Without mentioning a single rule or regulatory principle and only one section of a statute, Neil Herbert of HR Comply offers up a very passable summary of what the UK's financial conduct regulator expects of the retail sector.
Without mentioning a single rule or regulatory principle and
only one section of a statute, Neil Herbert of HR Comply offers
up a very passable summary of what the UK's financial conduct
regulator expects of the retail sector. Compliance officers at
private wealth firms could do far worse than to circulate this
among their front-line staff.
Keeping the wings on: what if your firm were an
aeroplane?
The UK's Financial Conduct Authority has been very vocal about
the fact that it is no longer looking at box-ticking and
controls. The regulator is now more interested in ‘outputs’ in
terms of how good compliance activity translates into 'market and
client behaviour', in addition to the quality of advice that
banks and wealth managers give their customers.
The wealth management sector recently had the relative ‘comfort’
of the Retail Distribution Review – a prescriptive and reassuring
series of boxes to tick. They merely had to ensure that everybody
eligible had done 35 hours of continuous professional development
(CPD) and had an up-to-date Statement of Professional Standing
(SPS) and that was that. It is very clear now that such
box-ticking will no longer suffice.
Wholesale and investment banking firms have never had the comfort
of such prescriptive guidelines regarding 'training and
competence' (T&C) as the retail and private client sector.
Firms in this sector may now find that they have even further to
go to meet the FCA’s new expectations.
The FCA’s focus is now on the 'overall experience' that a firm
gives its customers – in other words, results. This includes the
way the compliance team, its T&C effort and the firm's
broader compliance culture strive to make that experience a good
one. The FCA, therefore, is looking at the quality of asset
management and advice that the firm affords the customer, along
with its 'market conduct'.
Keeping the wings on
An appropriate analogy here is with aircraft maintenance
engineers and their routine inspection of the wings in
circumstances where the air transport safety legislators have not
bothered to specify the kind of checks that they want in detail.

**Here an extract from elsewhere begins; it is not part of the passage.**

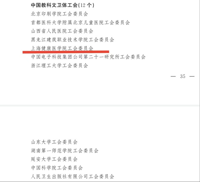 中国教育工会上海健康医学院委员会在上海市教育工会和学校党委领导下,始终坚持以习近平新时代中国特色社会主义思想为指导,学习宣传贯彻党的二十大精神、习近平总书记关于工人阶级、工会工作重要论述和中国工会十八大精神,以新时代工会思想引领的扎实作为积极建家,并作为上海市教育工会中职联工会委员会会长单位,发挥引领辐射作用,指导职教系统六十多家会员单位的建家工作。学校工会立足新发展阶段,全面贯彻新发展理念,守正创新,积极作为,团结带领全校教职工奋进新征程,荣获上海市教育系统“示范性妇女之家”、上海市教育系统“模范职工之家”、“上海市厂务公开先进单位”、全国教科文卫体系统“模范职工之家” 称号。
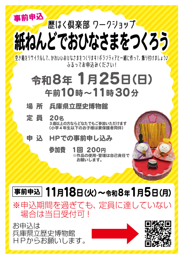 歴はく倶楽部ワークショップ「紙ねんどでおひなさまをつくろう」

Instead of performing 100 legally mandatory checks on an aircraft
wing, the engineer has to consider the actual 'customer
experience'. He may have ticked all the boxes on his own
self-compiled list, but if the wings fall off during a flight he
will still be penalised for ruining the 'customer experience'. To
take the analogy further, this is in circumstances where the
aviation authorities have provided only a sketchy impression of
what they think might make the wings fall off - there is just a
vague direction that the engineers must display appropriate
conduct and the highest standards at all times!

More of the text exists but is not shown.